Error modeling for surrogates of dynamical systems using machine learning

Sumeet Trehan,Kevin Carlberg,Louis J. Durlofsky
DOI: https://doi.org/10.48550/arXiv.1701.03240
2017-06-01
Abstract:A machine-learning-based framework for modeling the error introduced by surrogate models of parameterized dynamical systems is proposed. The framework entails the use of high-dimensional regression techniques (e.g., random forests, LASSO) to map a large set of inexpensively computed `error indicators' (i.e., features) produced by the surrogate model at a given time instance to a prediction of the surrogate-model error in a quantity of interest (QoI). This eliminates the need for the user to hand-select a small number of informative features. The methodology requires a training set of parameter instances at which the time-dependent surrogate-model error is computed by simulating both the high-fidelity and surrogate models. Using these training data, the method first determines regression-model locality (via classification or clustering), and subsequently constructs a `local' regression model to predict the time-instantaneous error within each identified region of feature space. We consider two uses for the resulting error model: (1) as a correction to the surrogate-model QoI prediction at each time instance, and (2) as a way to statistically model arbitrary functions of the time-dependent surrogate-model error (e.g., time-integrated errors). We apply the proposed framework to model errors in reduced-order models of nonlinear oil--water subsurface flow simulations. The reduced-order models used in this work entail application of trajectory piecewise linearization with proper orthogonal decomposition. When the first use of the method is considered, numerical experiments demonstrate consistent improvement in accuracy in the time-instantaneous QoI prediction relative to the original surrogate model, across a large number of test cases. When the second use is considered, results show that the proposed method provides accurate statistical predictions of the time- and well-averaged errors.
Numerical Analysis
What problem does this paper attempt to address?

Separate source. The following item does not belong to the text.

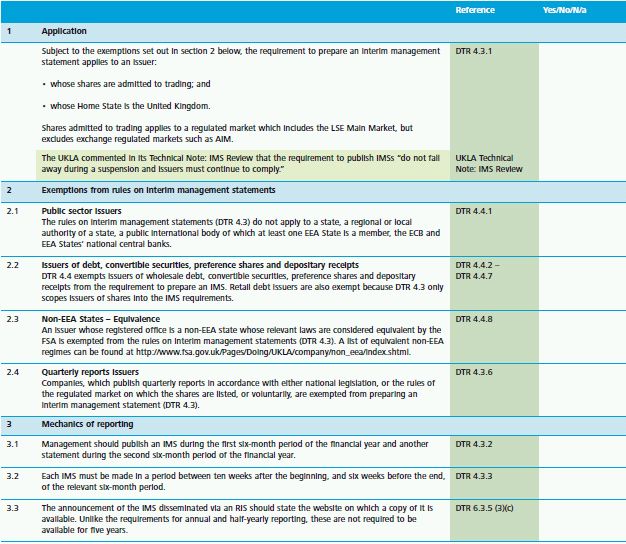 APPENDIX 2 – INTERIM MANAGEMENT STATEMENT DISCLOSURE CHECKLIST This IMS checklist is based on the Disclosure and Transparency Rules (DTR). In the

The problem that this paper attempts to solve is the error - modeling problem introduced when using surrogate models in parameterized dynamic systems. Specifically, the author proposes a machine - learning - based framework to predict the errors caused by these surrogate models, especially the errors on the Quantity of Interest (QoI). This framework uses high - dimensional regression techniques (such as random forests, LASSO, etc.) to map a large number of "error indicators" (i.e., features) generated by the surrogate model at a certain point in time to the prediction of the surrogate model error. This eliminates the need for users to manually select a small number of useful features. This method requires a training set that contains parameter instances through which the surrogate model errors that change over time can be calculated, that is, simultaneously simulating the results of the high - fidelity model and the surrogate model. Using this training data, the method first determines the locality of the regression model (through classification or clustering), and then constructs "local" regression models to predict the instantaneous errors within each identified feature - space region. The main contribution of the paper lies in providing an automated method that does not require manual feature selection to quantify the errors of surrogate models, which is of great significance for improving the accuracy and reliability of surrogate models. In addition, this method is applicable to multiple types of physically - based surrogate models and can be applied in two ways: one is as a correction for the QoI prediction of the surrogate model; the other is for statistically modeling the time - dependent surrogate model errors of arbitrary functions (for example, time - integration errors). The paper demonstrates the effectiveness of this method in reducing errors through numerical experiments, especially when dealing with reduced - order models in nonlinear oil - water subsurface flow simulations.